* **To do**: In this exercise, the entries below include pictures. Repeat exactly the lines from the line with "Schlage Custom Greenwich" to the line with "宝溝 五郎さんを姓名の画数から五運を鑑定", including both, but without the pictures.

* **Data for this exercise**:
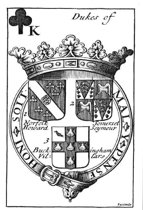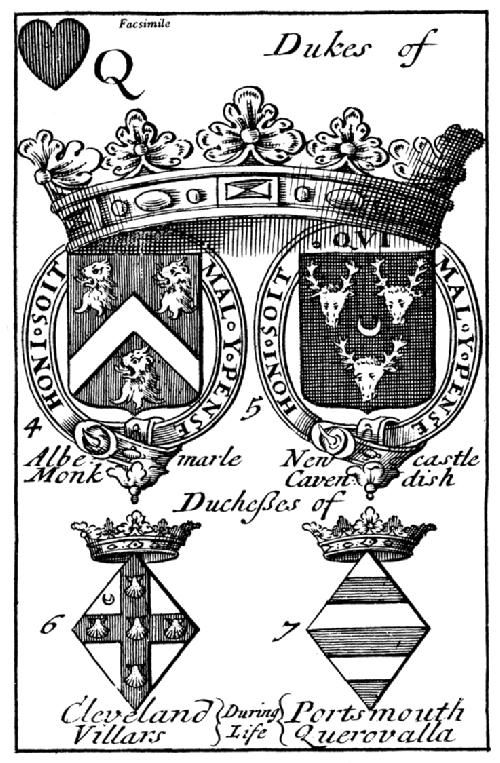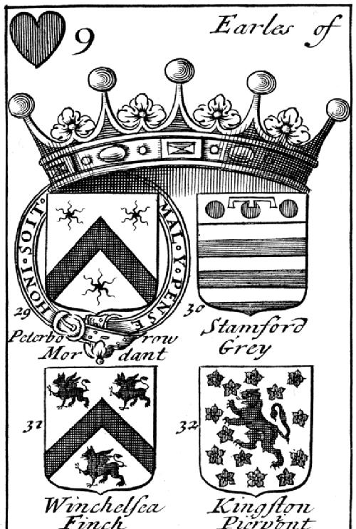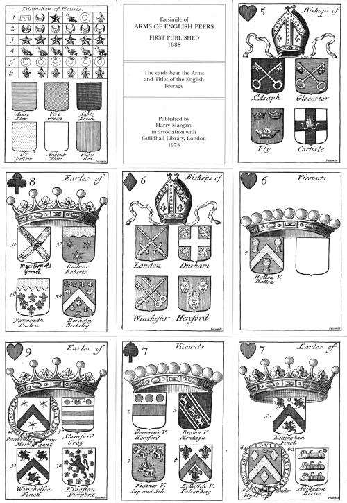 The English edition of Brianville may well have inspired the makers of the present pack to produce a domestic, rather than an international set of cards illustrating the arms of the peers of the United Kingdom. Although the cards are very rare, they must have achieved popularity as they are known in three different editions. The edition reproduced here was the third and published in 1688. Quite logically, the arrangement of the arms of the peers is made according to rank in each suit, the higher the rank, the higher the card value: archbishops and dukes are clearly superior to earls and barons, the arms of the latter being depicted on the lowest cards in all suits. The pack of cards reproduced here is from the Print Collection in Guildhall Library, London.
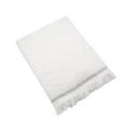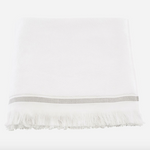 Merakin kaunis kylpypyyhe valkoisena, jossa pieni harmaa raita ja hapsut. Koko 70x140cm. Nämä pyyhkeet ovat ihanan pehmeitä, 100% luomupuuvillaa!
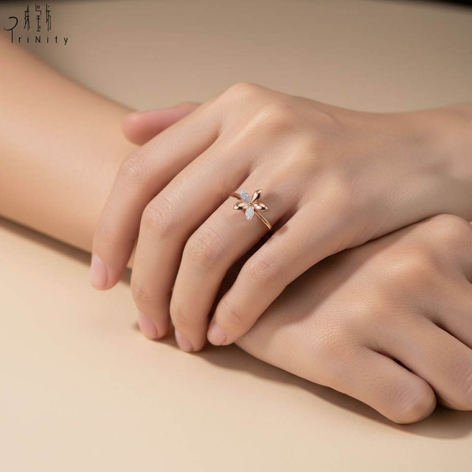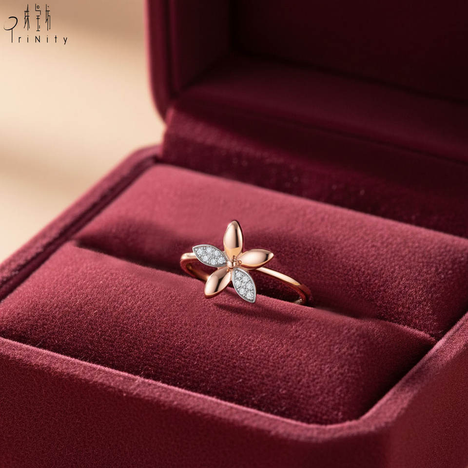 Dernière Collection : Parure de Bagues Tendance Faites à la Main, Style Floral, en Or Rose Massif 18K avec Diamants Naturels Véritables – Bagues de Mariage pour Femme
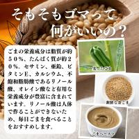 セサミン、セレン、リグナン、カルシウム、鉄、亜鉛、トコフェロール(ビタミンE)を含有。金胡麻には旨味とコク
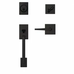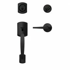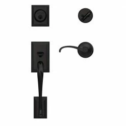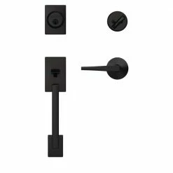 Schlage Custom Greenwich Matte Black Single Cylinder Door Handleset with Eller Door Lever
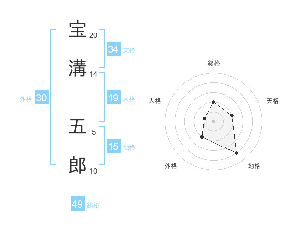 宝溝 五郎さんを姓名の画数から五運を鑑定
---
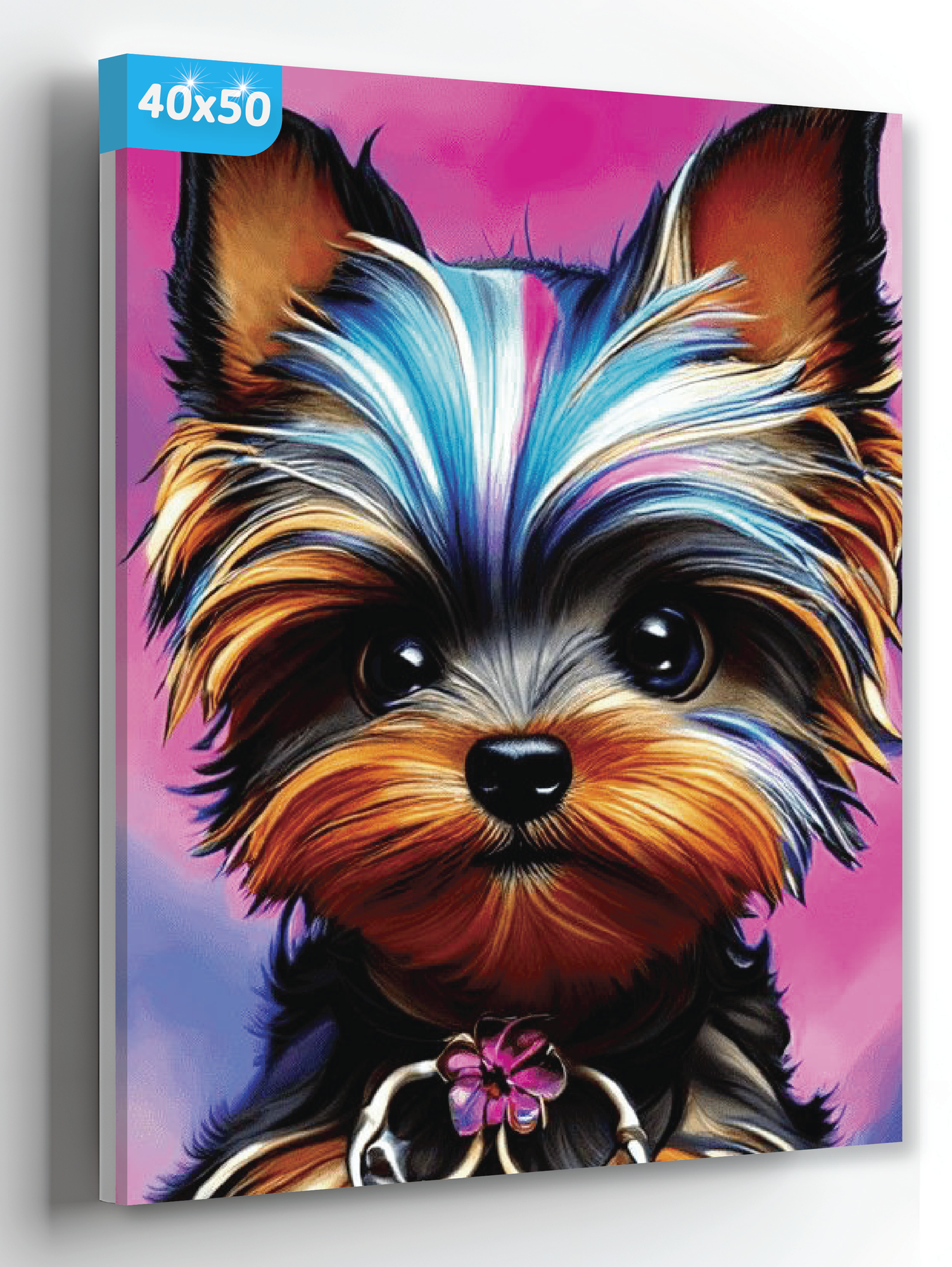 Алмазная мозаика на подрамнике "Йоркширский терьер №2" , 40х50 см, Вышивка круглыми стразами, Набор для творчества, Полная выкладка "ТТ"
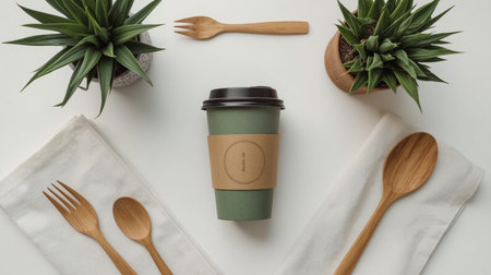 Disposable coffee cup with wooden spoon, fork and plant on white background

* **Your response**:
 Schlage Custom Greenwich Matte Black Single Cylinder Door Handleset with Eller Door Lever
 宝溝 五郎さんを姓名の画数から五運を鑑定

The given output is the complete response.